I have a new piece up at the Chronicle on public engagement in higher education. I’ve written about public engagement both here and on various sites before, but now I am starting a series of columns for the advice/careers section of the Chronicle. I will be writing about how both individuals and institutions could be engaging and are engaging, and some of the lessons we might draw from this. Next month, for example, I will discuss Catholic universities and undocumented students.
This piece, however, has been in the making for months, especially with my response to Nicholas Kristof.
Here are the points I make today:
- First, academics of all sorts are already deeply engaged with the public in many different ways.
- Second, many universities explicitly recognize public engagement as a category that may count toward hiring, tenure, or promotion.
- Third, in the United States and in academe itself, the widespread perception is that most faculty members do not engage with the public—either because they don’t want to or because they know they won’t be rewarded for it.
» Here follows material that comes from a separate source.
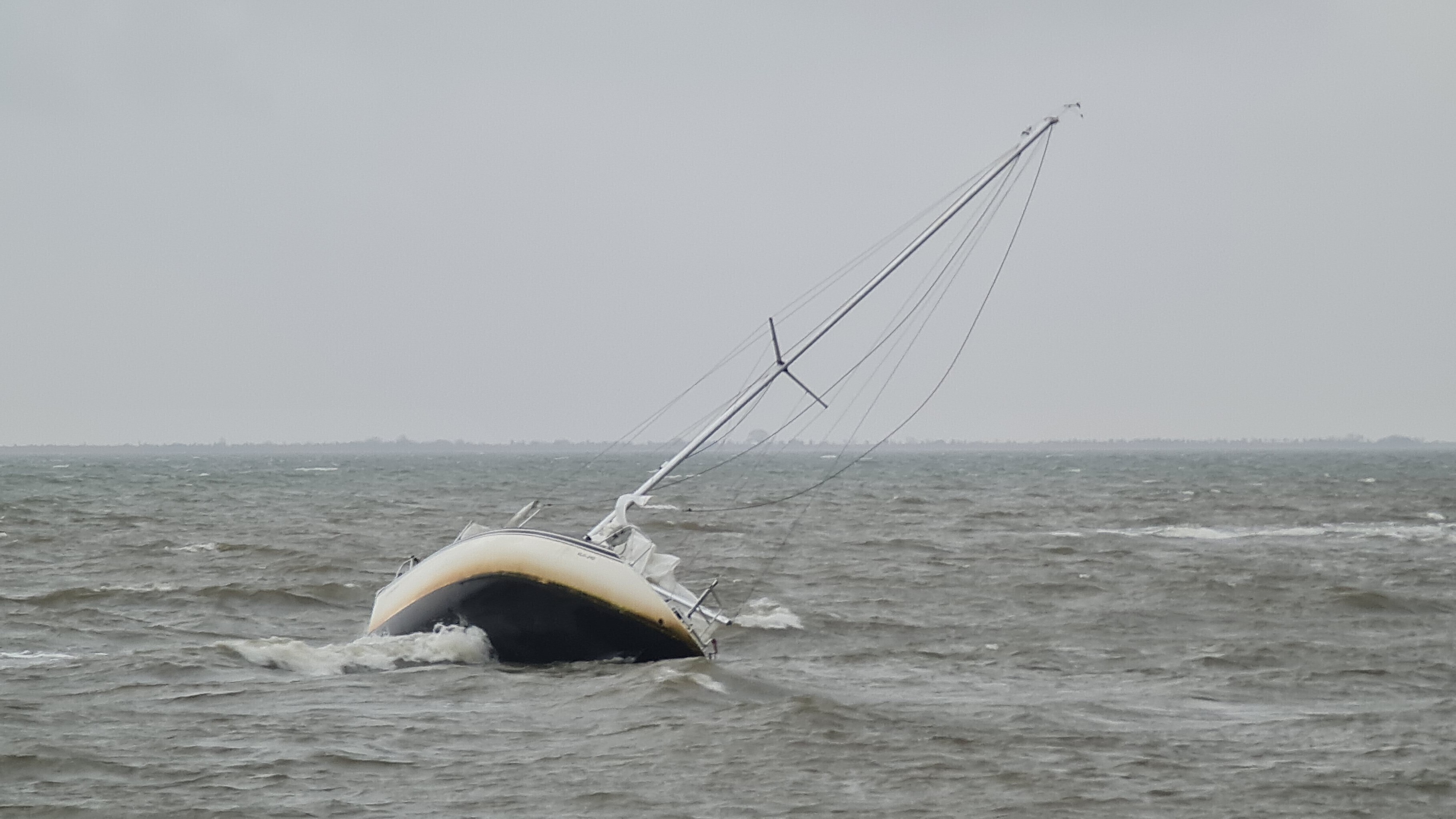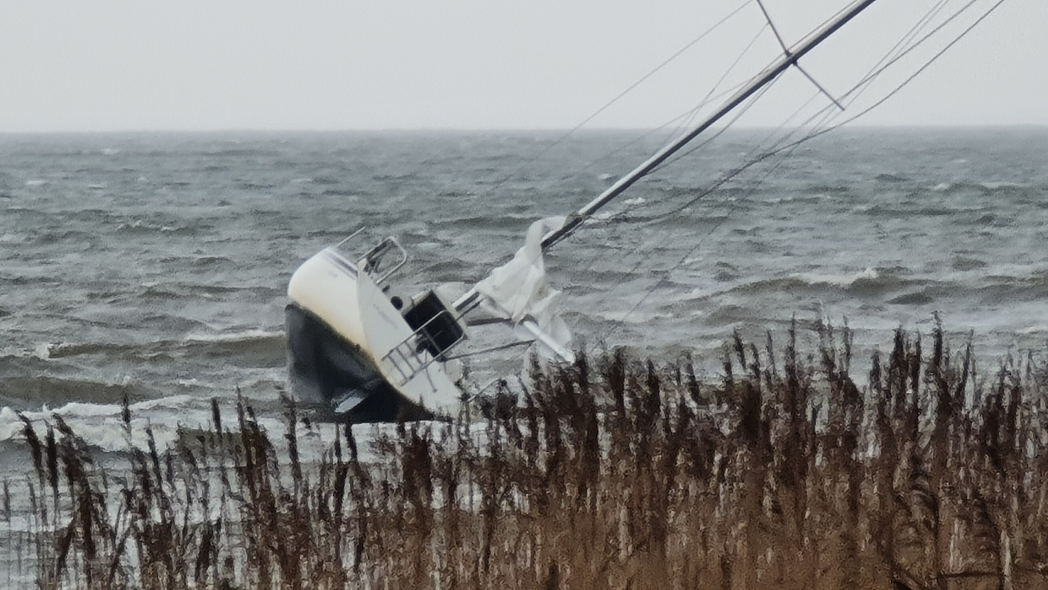 The yacht, which has been damaged and is currently lying part-capsized and close to the shore, may have become stranded due to engine failure, and was left in place overnight.

- Be smarter than me. What does your institution count?
- Start disciplinary conversations. I think this might be a great function for the MLA, AHA, AAR, CAA, etc. They have no power over institutions, but that’s not the step here. The step is to persuade other faculty that we could do more to count and measure public engagement.
The myth of the ivory tower dismisses the public academic as an aberration and the specialized scholar as detached. Neither is true. But we do have a problem with how we define, count, and value many types of public engagement. If we can improve this and tear down the mythic tower, we can make sure that all of our varied but important types of work get the credit they deserve.
- Patricia Limerick, president of the Organization of American Historians, recently put out a call to locate scholars who do public work.
- In response, Matthew G. Schoenbachler, professor of History at the University of North Alabama, wrote that all such efforts are just “pro bono – the entire academic system of incentives and rewards militates against such activities.”
- My university includes “scholarship of engagement” as one of the types of scholarship that count for tenure or promotion, a phrase that emerged from the expansive taxonomy of scholarship pioneered by Ernest Boyer of the Carnegie Foundation.
- Syracuse employs the phrase “publicly engaged scholarship” in their tenure and promotion documents.
- The University of Illinois uses “public engagement” and “public service,” recognizing the problem of categorizing diverse acts of engagement in our standard tenure and promotion framework.
- Other universities categorize such activity solely as service. Portland State, for example, uses the phrase “community outreach.”
- Community colleges routinely link service to tenure and promotion, with the potential for that service to be outside the university. At the Central Oregon Community Colleges, for example, full professors will “regularly serve the community as an expert resource.”
- Also, I link to this (now slightly outdated) study on shifting workloads.